___ Data supplied ___

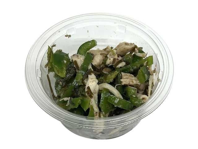 食感の良いぐしちゃんピーマンと刻み昆布蒸し鶏に鶏ガラスープ胡麻油を和えたました。おつまみにもなる冷製惣菜です。 カロリー:58kcal 【販売地域】沖縄
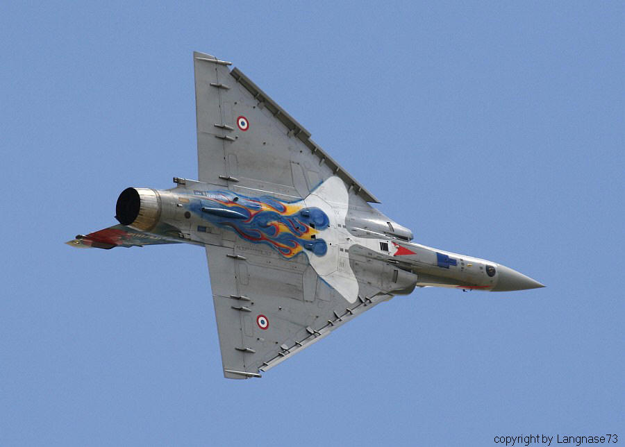 Mit ausgefahrenen Vorflügeln präsentiert sich die Mirage 2000 zum Fotopass.
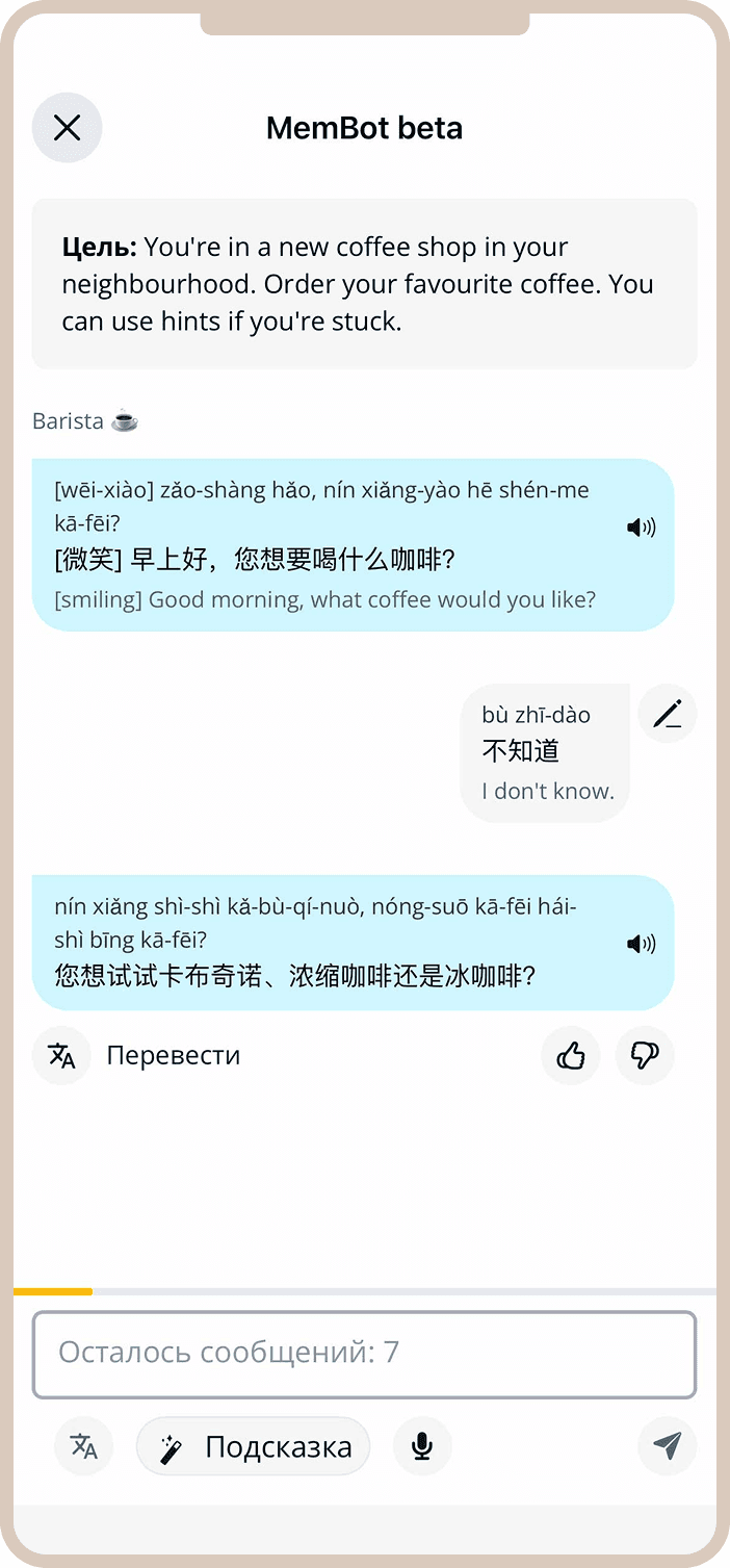 ИИ-сценарии и чат-боты — недавно добавленные в Memrise ИИ-инструменты, созданные для практики разговорных навыков, оказываются на практике не такими полезными. ИИ-собеседники предлагают шаблонные диалоги с ограниченным набором реплик и предсказуемыми сценариями. Создается впечатление, что эта функция была добавлена скорее для маркетинговой привлекательности, чем из реальной заботы о качестве обучения.
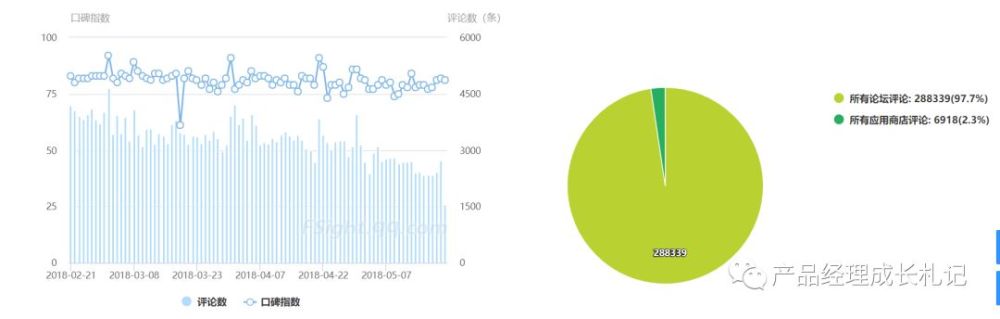 近3个月的评论数以及口碑指数如上图,论坛评论数有288339条,占97.7%,应用商店为6918条,占2.3%。
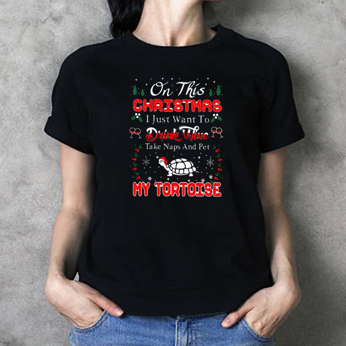 Celebrate the holiday season with our delightful “On This Christmas I Just Want To Drink Wine Take Naps And Pet My Tortoise” T-Shirt! Perfect for animal lovers and wine enthusiasts alike, this fun and festive shirt is designed for those who appreciate a laid-back holiday vibe. Ideal for casual wear, themed events, or simply lounging at home, this fan-made design is sure to bring smiles and spark conversations wherever you go. Printed proudly in the USA, it’s a unique addition to your holiday wardrobe!
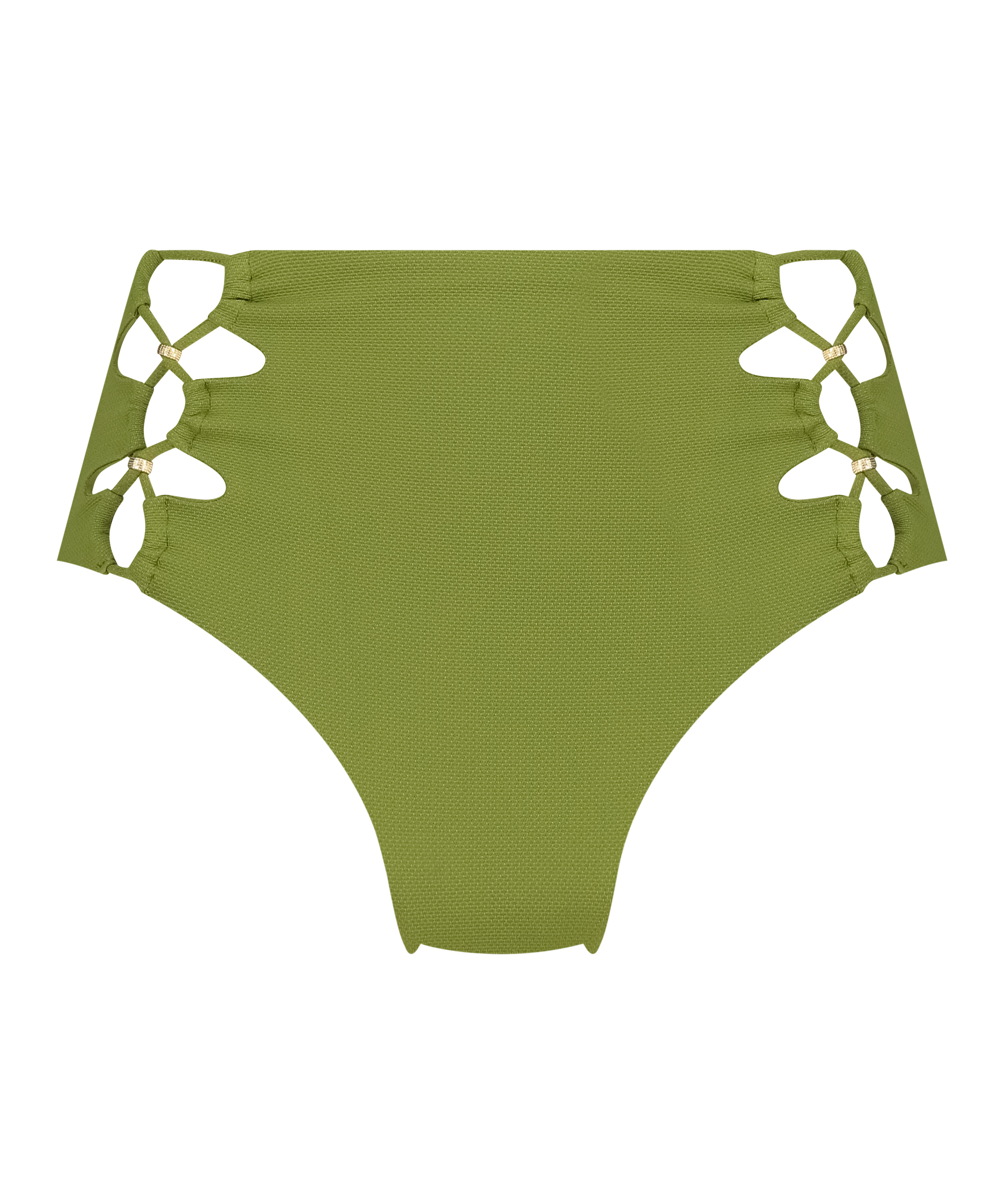 Ta steget inn i retroglamouren med vår nydelige bikinitruse med høy midje! Dette vintageinspirerte plagget har en smigrende høy midje som omslutter figuren din på de riktige stedene. Det delikate blondemønsteret på sidene tilfører et feminint preg og er utsmykket med luksuriøse gullfargede perler. Kombiner den med din favorittbikinitopp for en tidløs og elegant look!
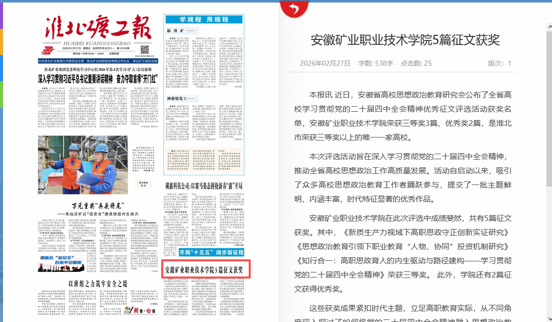 近日,安徽省高校思想政治教育研究会公布了全省高校学习贯彻党的二十届四中全会精神优秀征文评选活动获奖名单,安徽矿业职业技术学院荣获三等奖3篇、优秀奖2篇,是淮北市荣获三等奖以上的唯一一家高校。
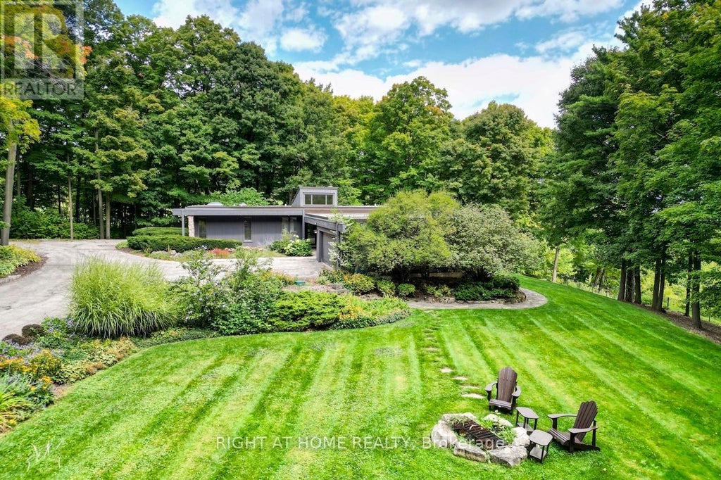 Stunning Frank Lloyd Wright - Inspired Estate with Sweeping Escarpment Views! Perched on the crest of the Niagara Escarpment, this remarkable 3.7 acre estate offers rare privacy, timeless, design and a seamless connection to nature - all just minutes from local conveniences. Blending classic craftsmanship with modern sophistication, the home showcases rich hardwood and natural stone flooring, custom millwork, soaring coffered ceilings and refined crown mouldings. Expansive floor-to-ceilings windows capture breathtaking, unobstructed views, filling every room with natural light. The open- concept design is ideal for both intimate living and grand entertaining, with flowing sightlines from the Great room to the formal dining area and chef's kitchen. Multiple glass-railed terraces extend the living space outdoor, where the escarpment's four-season beauty provides an ever-changing backdrop. Each room has been thoughtfully curated to evoke calm and harmony, offering a true retreat from the demands of daily life. For the equestrian enthusiasts, the property features a manicured paddock with oak fencing and a custom built horse shelter. Outdoor lovers will enjoy direct access to nearby Rattlesnake Point Conservation Area perfect for hiking and exploring nature. This estate is more than a residence - it is a lifestyle defined by beauty, balance and refined country living! ATTENTION BUILDERS: Property has conditional approval for development from the Niagara Escarpment Commission. (id:6289)
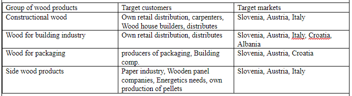 For efficient selling determination of target markets for certain groups of wood products is of key meaning. Due to long term experience of investors in this field of production following target markets was established:
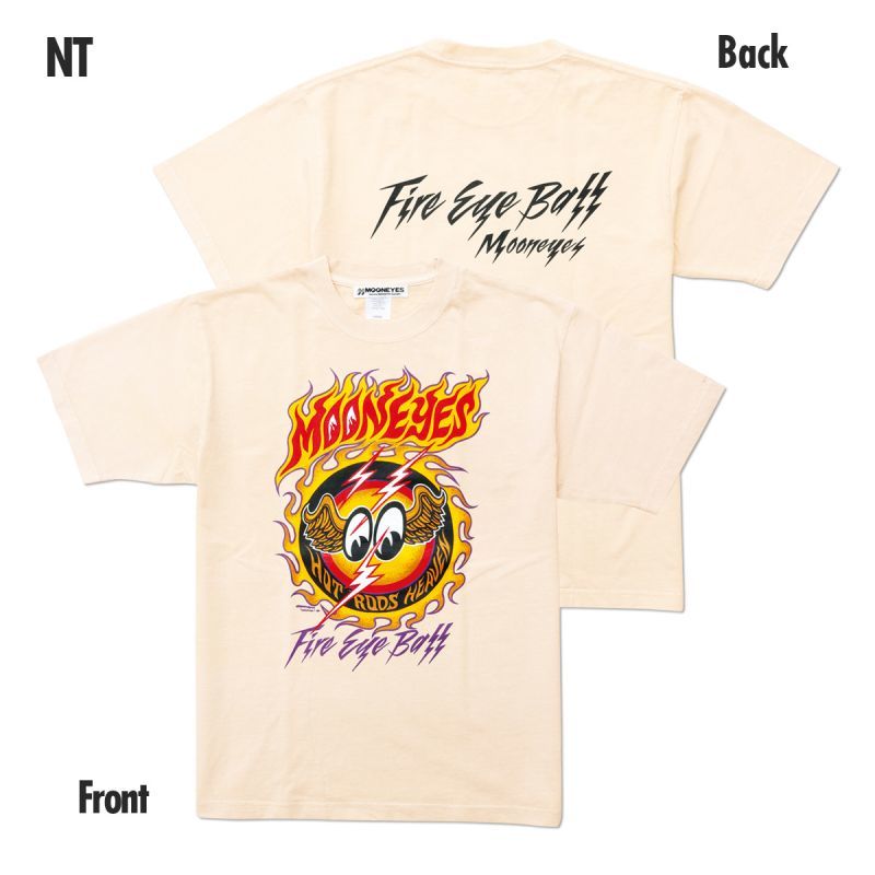 バックにもFire Eyeball と MOONEYES のレタリングが入り、フロントもバックも FIRE と ライトニングで ROCK!

___

* **Exercise**:
From the line that contains "For efficient selling" down to the last line of the entries above, copy every line exactly and leave out the pictures.

* **Response to the exercise**:
 For efficient selling determination of target markets for certain groups of wood products is of key meaning. Due to long term experience of investors in this field of production following target markets was established:
 バックにもFire Eyeball と MOONEYES のレタリングが入り、フロントもバックも FIRE と ライトニングで ROCK!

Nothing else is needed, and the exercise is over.